### Action item
Keep to one stretch of the data below, the lines from the one with "通过大学生兼职平台的功能进行" up to and including the one with "Bruynzeel Kids Korte", and return that stretch exactly.

### Data in this exercise
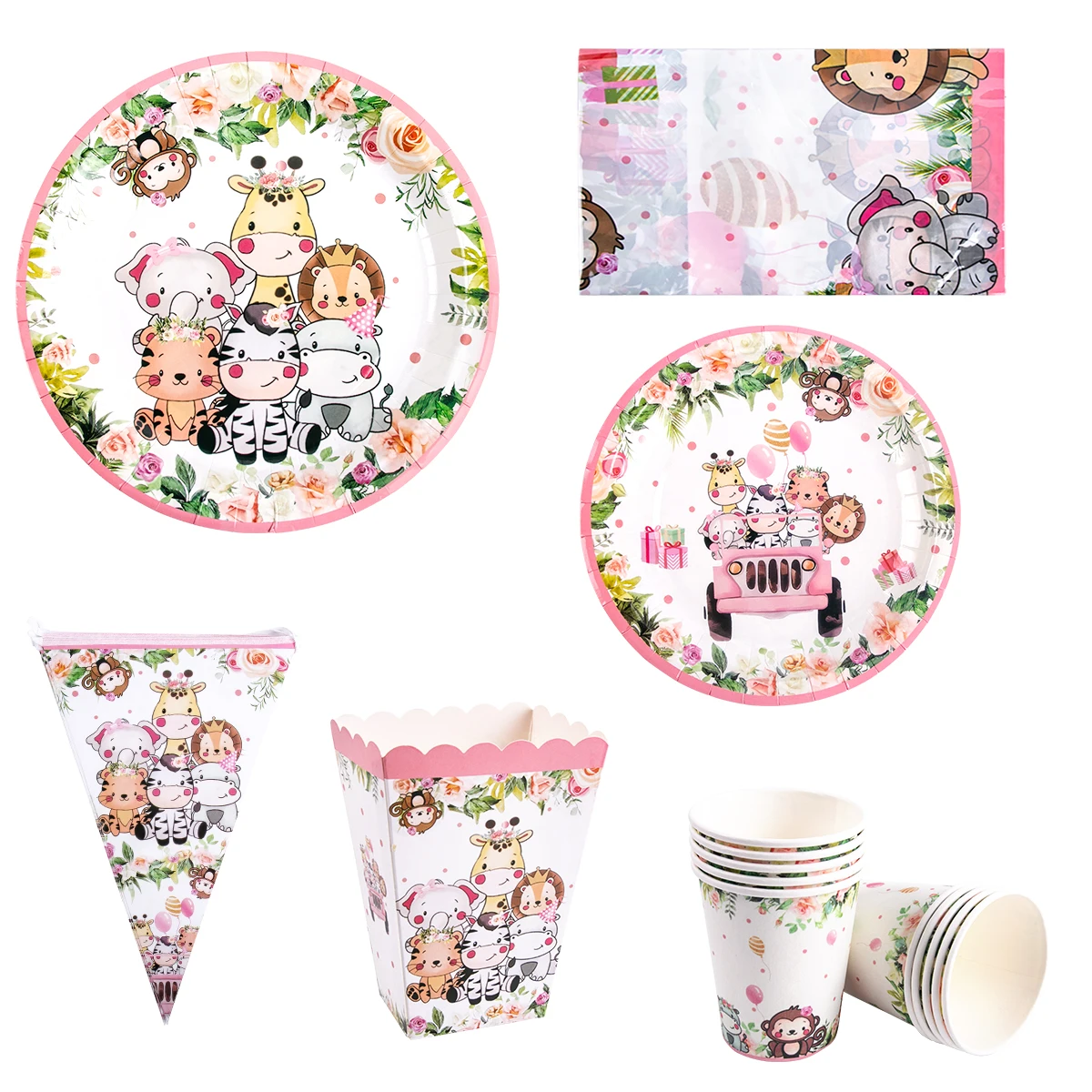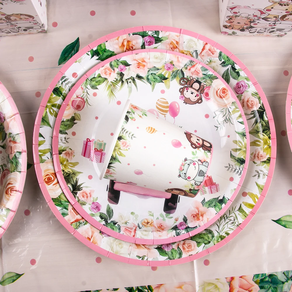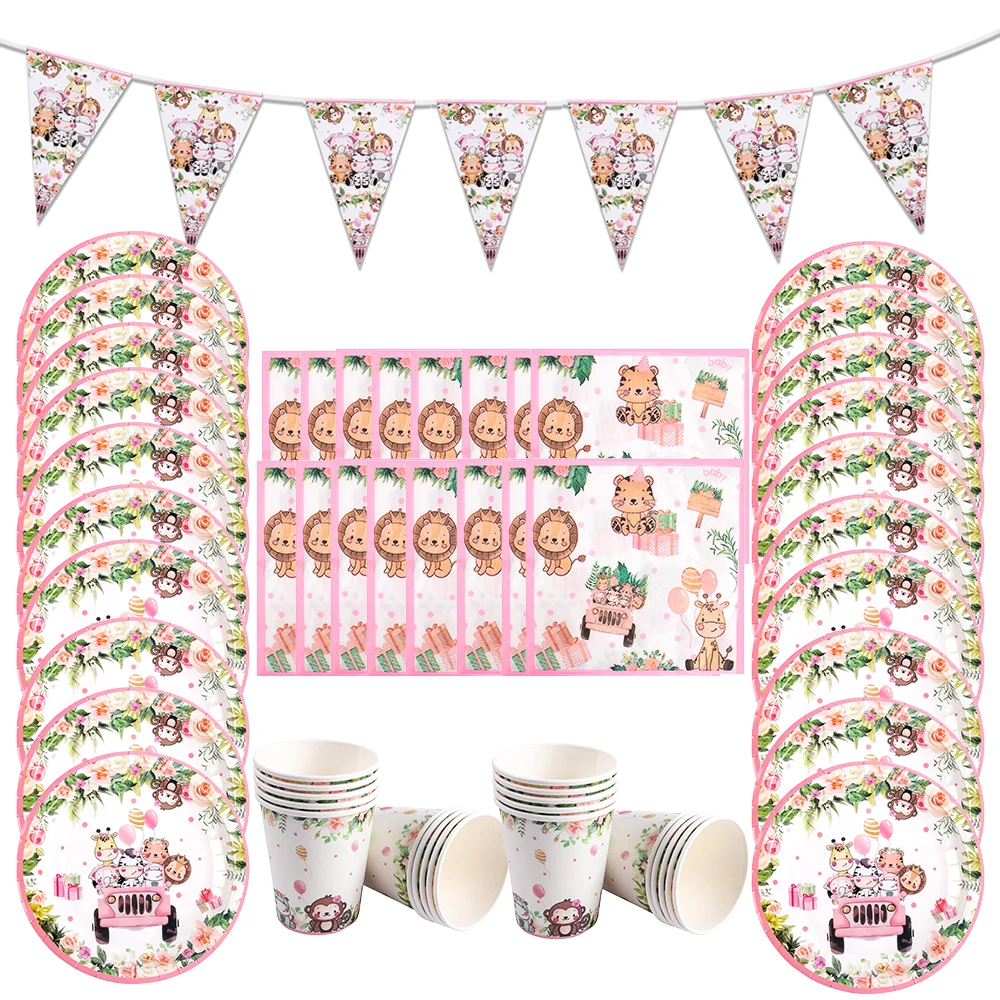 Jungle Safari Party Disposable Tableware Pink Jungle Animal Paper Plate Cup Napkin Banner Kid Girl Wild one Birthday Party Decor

* * *

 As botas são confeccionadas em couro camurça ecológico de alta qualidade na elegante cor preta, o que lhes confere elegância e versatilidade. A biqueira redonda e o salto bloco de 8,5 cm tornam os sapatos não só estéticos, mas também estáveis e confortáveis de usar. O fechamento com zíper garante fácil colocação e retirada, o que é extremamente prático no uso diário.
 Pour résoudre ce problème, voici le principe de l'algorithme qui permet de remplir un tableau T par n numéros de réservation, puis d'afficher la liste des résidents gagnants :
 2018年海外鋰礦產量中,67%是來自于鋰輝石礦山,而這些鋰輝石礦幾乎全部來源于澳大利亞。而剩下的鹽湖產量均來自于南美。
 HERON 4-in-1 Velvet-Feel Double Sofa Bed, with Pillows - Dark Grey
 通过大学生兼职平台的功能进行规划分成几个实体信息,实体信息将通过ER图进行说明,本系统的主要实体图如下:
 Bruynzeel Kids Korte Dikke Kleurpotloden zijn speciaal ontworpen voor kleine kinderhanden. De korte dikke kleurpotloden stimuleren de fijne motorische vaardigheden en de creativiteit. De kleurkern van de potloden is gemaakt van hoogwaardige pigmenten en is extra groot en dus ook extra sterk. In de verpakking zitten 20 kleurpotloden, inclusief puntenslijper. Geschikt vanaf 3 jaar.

### Answer
 通过大学生兼职平台的功能进行规划分成几个实体信息,实体信息将通过ER图进行说明,本系统的主要实体图如下:
 Bruynzeel Kids Korte Dikke Kleurpotloden zijn speciaal ontworpen voor kleine kinderhanden. De korte dikke kleurpotloden stimuleren de fijne motorische vaardigheden en de creativiteit. De kleurkern van de potloden is gemaakt van hoogwaardige pigmenten en is extra groot en dus ook extra sterk. In de verpakking zitten 20 kleurpotloden, inclusief puntenslijper. Geschikt vanaf 3 jaar.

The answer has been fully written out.